Gross examination showed slight dimples in the center of some of the biopsy specimens. Microscopically (Figures 1 & 2), the overlying epidermis is acanthotic, with focal pseudoepitheliomatous hyperplasia and basaloid proliferation. The bulk of the tumors is non-capsulated and located within the dermis. Whorling fascicles of a spindle cell proliferation with excessive collagen deposition are prominent. At the periphery, the spindle cells wrap around normal collagen bundles. The subcutis is not involved.


                  
          Figure 1: Skin, Dermatofibroma (2x)

Figure 1: Skin, Dermatofibroma (2x)


                  
          Figure 2: Dermatofibroma, higher magnification (40x)

Figure 2: Dermatofibroma, higher magnification (40x)

Comment

Many authors have defined “multiple dermatofibromas” as the presence of at least 15 lesions. However, this criterion is arbitrarily chosen. Besides the number of lesions, multiple dermatofibromas differ from the sporadic cases by the histopathological finding, such as fibrohistiocytic proliferation with a storiform pattern extending into the deep dermis and subcutaneous tissues [1].

Although the etiology is unknown, multiple dermatofibromas may be associated with autoimmune diseases or altered immune states, such as, in patients with HIV infection [2], lupus [1], chronic myelogenous leukemia [3], or organ transplant [4].

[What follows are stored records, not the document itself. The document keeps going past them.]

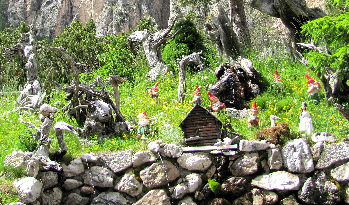 Südtirol, 4.7.2016, am Ju de Valparola, Capanna Alpina, 1720 m. Die Betreiber des Rifugio sind sichtlich sehr findig beim Sammeln,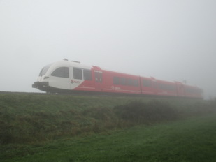 Ook in de mist, keurig op tijd, eerst de trein vanuit Leeuwarden, niet veel later de trein vanuit Groningen….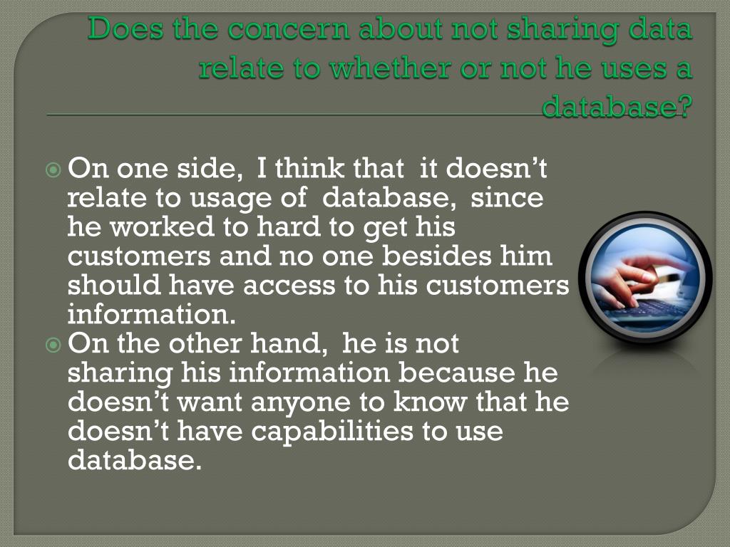 Does the concern about not sharing data relate to whether or not he uses a database? • On one side, I think that it doesn’t relate to usage of database, since he worked to hard to get his customers and no one besides him should have access to his customers information. • On the other hand, he is not sharing his information because he doesn’t want anyone to know that he doesn’t have capabilities to use database.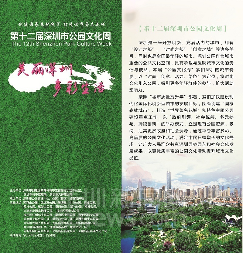 深圳新闻网12月1日讯(记者 钟鸿冰 通讯员 崔嵩)一年一度的公园文化节即将到来,12月2日-12月8日,2017年第十二届公园文化周将在全市27家公园举行。本届公园文化周紧密结合创建“国家森林城市”和打造“世界著名花城”重点工作,以“美丽深圳 多彩生活”为主题,充分展现美丽宜居的城市环境及丰富多彩的城市文化生活。

Thus, when seeing a patient with multiple dermatofibromas, beside of making a simple diagnosis, one should always keep in mind to rule out the underlying systemic diseases or possibility of immunodeficiency of the patient.

Correspondence to

Deba P Sarma, M.D. Creighton University Medical Center Department of Pathology 601 North 30 th Street Omaha, NE 68131 Email: dpsarma@yahoo.com

References

1. Yamamoto T, Sumi K, Yokozeki H, Nishioka K. Multiple cutaneous fibrous histiocytomas in association with systemic lupus erythematosus. J Dermatol 2005;32(8):645-9.
2. Kanitakis J, Carbonnel E, Delmonte S, Livrozet JM, Faure M, Claudy A. Multiple eruptive dermatofibromas in a patient with HIV infection: case report and literature review. J Cutan Pathol 2000;27(1):54-6.
3. Alexandrescu DT, Wiernik PH. Multiple eruptive dermatofibromas occurring in a patient with chronic myelogenous leukemia. Arch Dermatol 2005;141(3):397-8.
4. Kovach BT, Sams HH, Stasko T. Multiple atypical fibroxanthomas in a cardiac transplant recipient. Dermatol Surg 2005;31(4):467-70.